Computing a joint representation g of the candidate knowledge subsets by means of weighted summation _t (ii) a With said c _t As a query vector, accessing the memory network in a multi-hop manner to obtain a knowledge distribution p _ptr (ii) a In the g _t As a query vector, accessing a preset dictionary by adopting a multi-layer perceptron to obtain dictionary distribution p _vocab (ii) a Distributing p based on said knowledge _ptr And the dictionary distribution p _vocab Obtaining the generated word y at the current time t by using a gating mechanism _t ；

And the GRU generates a current response statement for the intelligent agent based on the generated words at all the moments.

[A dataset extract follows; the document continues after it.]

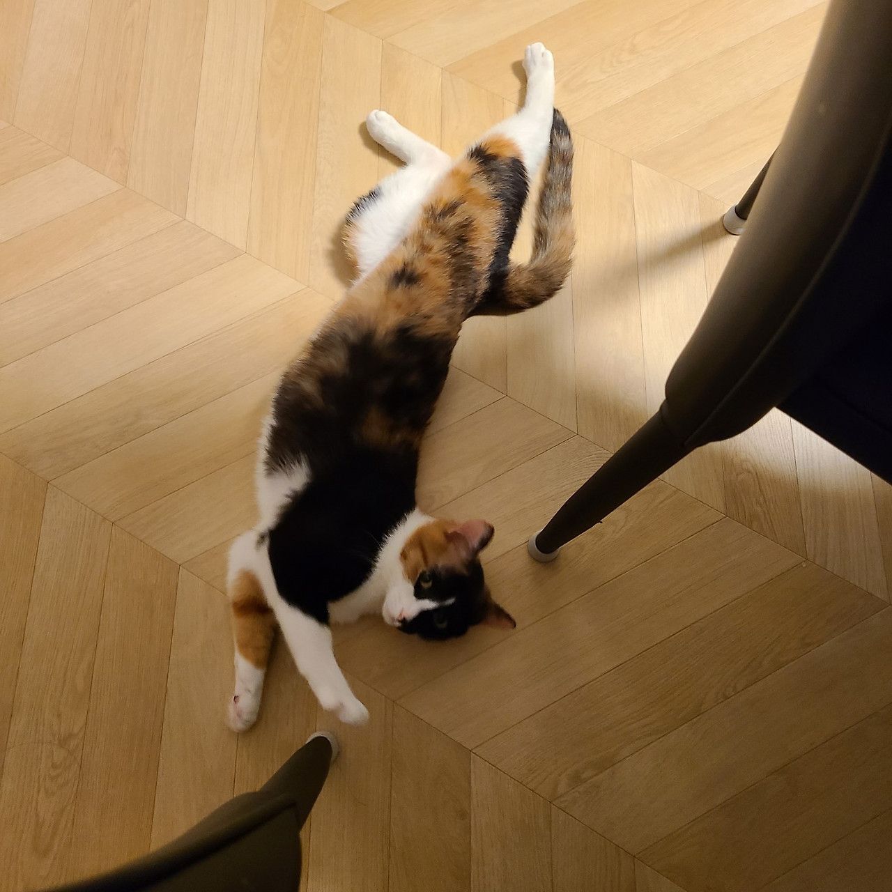먼저 부엌에 생긴 룰은 ‘식탁의자 확 빼지 않기’. 나와 남편이 밥을 다 먹을 때쯤 리지가 근처 바닥에 털썩 잘 드러눕기 때문이다. 리지는 누운 채, 완두콩 콩알만 한 앞, 뒷발의 발가락 사이사이가 다 보일 정도로 시원하게 기지개를 켠 후, 우리가 일어날 때까지 꼬리로 바닥을 툭, 툭 치며 핀잔을 주기 시작한다.

7. An apparatus for generating dialog sentences of an agent in a human-computer dialog, comprising:

the information extraction module is used for extracting attribute values and scene categories in a preset knowledge base from conversation historical data of the current man-machine conversation by utilizing a pre-trained natural language understanding model; wherein the knowledge base is composed of knowledge triples; wherein, the extracting the attribute values and the scene categories in the preset knowledge base comprises: splicing the dialogue historical data with a preset special mark, and inputting the dialogue historical data into a coder of the natural language understanding model for coding to obtain a corresponding dialogue historical vector and a scene information vector; inputting the dialogue history vector into a CRF layer of the natural language understanding model for sequence labeling to obtain the attribute values contained in the dialogue history data; inputting the scene information vector into a multilayer perceptron of the natural language understanding model for scene classification to obtain a scene category of the man-machine conversation;

8. The generation equipment of the intelligent agent dialogue sentences in the man-machine dialogue is characterized by comprising a processor and a memory;

the memory stores an application program executable by the processor for causing the processor to execute the method for generating dialog statements in a human-computer dialog according to any one of claims 1 to 6.

9. A computer-readable storage medium having stored therein computer-readable instructions for executing the method for generating an agent dialog statement in a human-computer dialog according to any one of claims 1 to 6.